News

Image by Jason Shepherd

Recent news

Maddie Kyrke-Smith, the senior postdoctoral fellow in the Shepherd lab, has received a Brain and Behavior Research Foundation NARSAD Grant! This award provides two years of funding for a young investigator to extend fellowship training. Maddie was also selected for the Research Partner Program and named the Jeanne Marie Lee Investigator. Maddie will use this grant to look at the contribution of Arc to developmental synaptic plasticity in the visual cortex, which is hypothesised to contribute visual symptoms of Schizophrenia. Congratulations Maddie!
Award: https://www.bbrfoundation.org/grants-prizes/bbrf-young-investigator-grants

Chelsea Herdman, postdoctoral fellow from the Yost lab, was awarded a three year postdoctoral fellowship from the Canadian Institutes of Health Research (2020-2023) for her project entitled “The roles of microRNAs in the regulation of heart development and human congenital heart disease
https://www.canada.ca/en/institutes-health-research/news/2019/05/government-of-canada-invests-in-top-research-leaders-of-tomorrow.html

Shaina Short, postdoctoral fellow in the Wachowiak lab, has received the NINCD Early Career Research (ECR) Award (R21) from the NIH! This award is intended to support both basic and clinical research from scientists who are beginning to establish an independent research career. She will use this grant to obtain sufficient preliminary data for a subsequent R01 application.

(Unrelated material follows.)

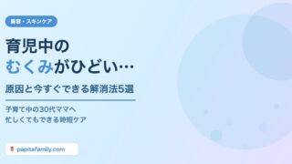 美容・スキンケア 育児中のむくみがひどい原因と30代ママでもできる解消法5選 育児中のむくみが気になるママへ。睡眠不足や授乳姿勢など、むくみが悪化する原因と、忙しいママでも今日からできる解消法を5つご紹介します。 2026.04.13 美容・スキンケア

Angie Serrano, postdoctoral fellow from the Yost lab, was awarded one of five prestigious Warren Alpert Distinguished Scholar transition grants! Congratulations Angie!
The Warren Alpert Distinguished Scholars is a recently established program, now in its second year, that will support individual scientists of exceptional creativity who have an MD or PhD degree and who have completed a minimum of three years and not more than five years of a post-doctoral fellowship in the field of basic neurosciences at a medical school located in the United States. These awards are given as transitional post-doctoral awards for recipients as they advance to become full time faculty members at the Assistant Professor level or higher.